其實火小邪心中還有一個結,就是玲瓏鏡。火小邪知道玲瓏鏡是水家的水妖兒所偷,和火家並無關係,但周先生說火王嚴烈認了就是火家偷了玲瓏鏡,自己也不敢再多說什麼,畢竟自己以後的事情一概不知,也許水妖兒把玲瓏鏡送給了火家也不一定。
火小邪喫過質疑鄭則道的虧,已經明白在自己沒有把握的時候,說出來反而壞事的道理。一旦火小邪說出,只怕張四爺又要對自己窮追猛打。於是火小邪便把玲瓏鏡的去向一事忍住不說,打算先爛在心裏。
火小邪本來想問周先生,到底這個玲瓏鏡有什麼古怪之處,值得他們如此拼命,正猶豫該不該問,甲丁乙卻已經問道:“周先生,這個玲瓏鏡是個多大的寶物?值得你們舍家棄業,以命相爭?”
周先生猶豫了片刻,讓鉤漸先出去避讓一下,這才慢慢講出了玲瓏鏡中的祕密。
原來周先生膝下有一獨女,名叫周嬌,生的是國色天香,傾國傾城,但在待嫁之年,認識了一個神祕人,不知爲何,與這個神祕人有了一段孽緣,瞞着周先生生下了一對雙胞胎。
自從生了孩子,周嬌似乎對神祕人恩斷義絕,獨自帶着這兩個孩子生活了半年以後,這對雙胞胎卻突然失蹤了。
周嬌痛哭數日,幾乎命絕,好在當時周先生的徒弟,就是張四,對周嬌愛慕得死心塌地,無以復加,不計前嫌,定要娶周嬌爲妻,軟磨硬泡了三四個年頭,周嬌覺得張四確實可以託付終身,這才答應張四。
張四和周嬌成親之後,兩人相敬如賓,本來一切無恙,但突然一日,張四發現了周嬌與一個神祕人還有來往,逼問之下,周嬌才說出這個神祕人乃是自己遺失了的雙胞胎的親生父親。
張四並不在意周嬌的往事,只是追問周嬌那個神祕人是誰,周嬌無論如何不肯告訴張四,張四盛怒之下,說了狠話。周嬌羞憤難當,當晚便懸樑自盡。
張四後悔不已,抱着周嬌的屍體,哭嚎了足足十餘天,落下一個失心瘋的毛病。
周先生本和張四斷絕了師徒關係,可張四以死相逼,周先生才答應下來,但從此與張四主僕相稱。

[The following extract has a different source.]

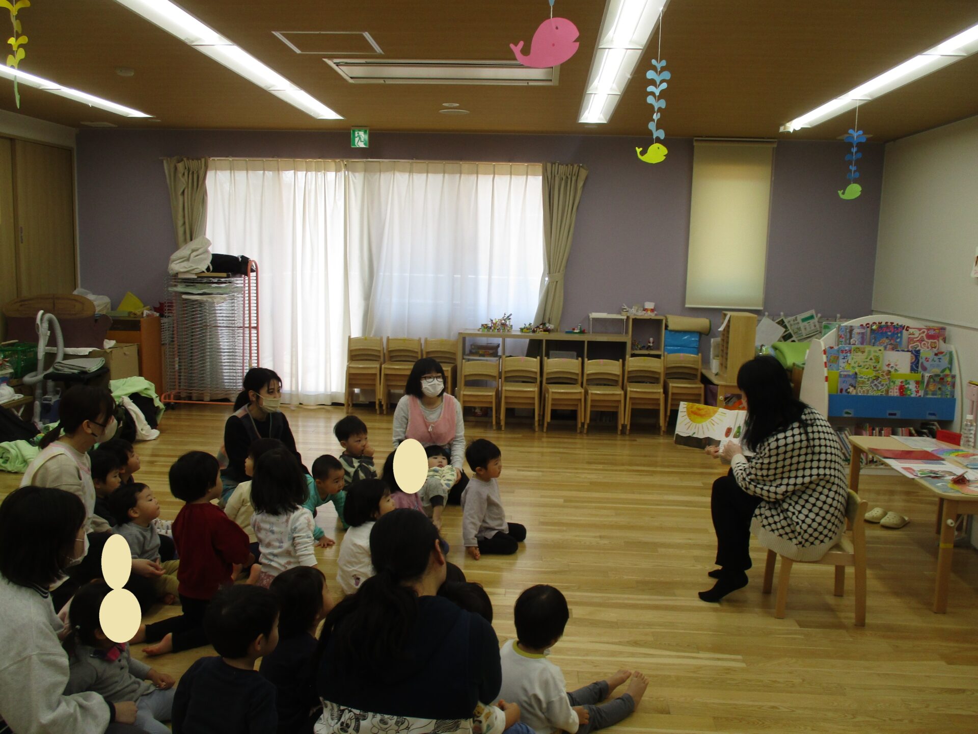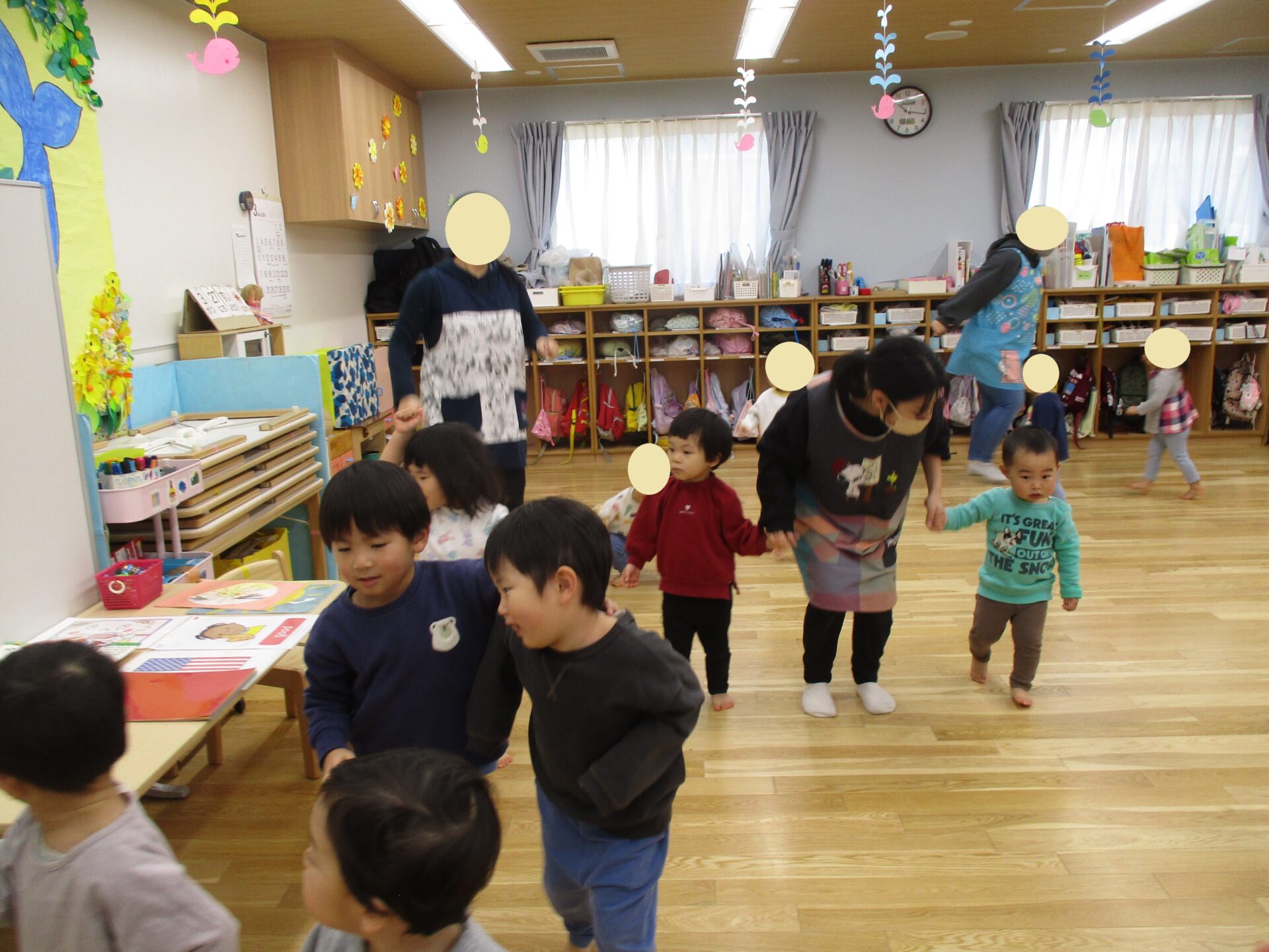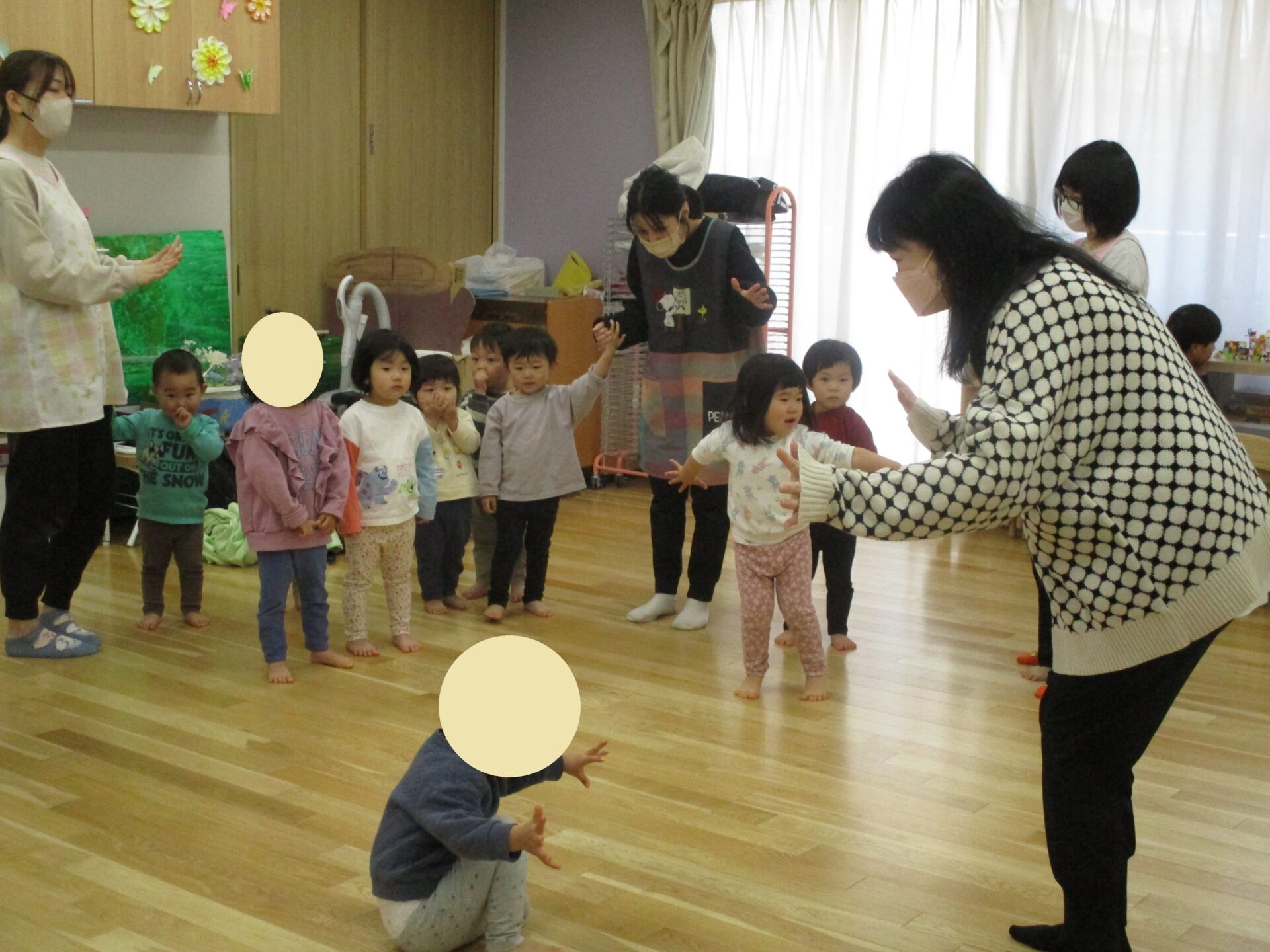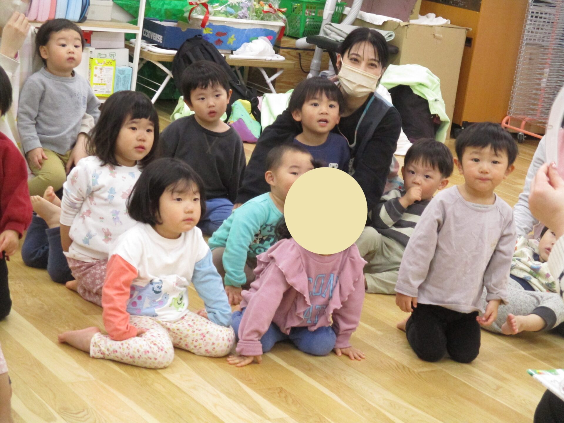 先月初めて参加しただいち組は、場所見知りと、人見知りと、初めての出来事に泣いてしまったり、保育士から離れられなかったりする子もいました。

這個玲瓏鏡,本是周嬌的一面普通的銅鏡,不知爲何,周嬌死後,在天時地利人合的情況下,玲瓏鏡中能夠現出周嬌的音容笑貌,甜美親切,笑靨如花,如同周嬌就在鏡子中一般。張四見了這種情景,認爲周嬌的魂魄附在這面玲瓏鏡裏,於是把玲瓏鏡當成自己性命一般呵護,玲瓏鏡丟了,就如同奪走了張四的性命。
張四捨命尋找玲瓏鏡,便是這個原因。
周先生說着說着,老淚縱橫,嗚咽不止。周先生這番出來,受此磨難,仍要不回玲瓏鏡,加上這個祕密憋在心裏憋得久了,從來未曾對人說起過,這次見到甲丁乙、火小邪,猶豫再三還是說出,本想着簡單說過,可一說出口就止不住,結果說到最後,悲痛難忍,幾乎要昏厥在地。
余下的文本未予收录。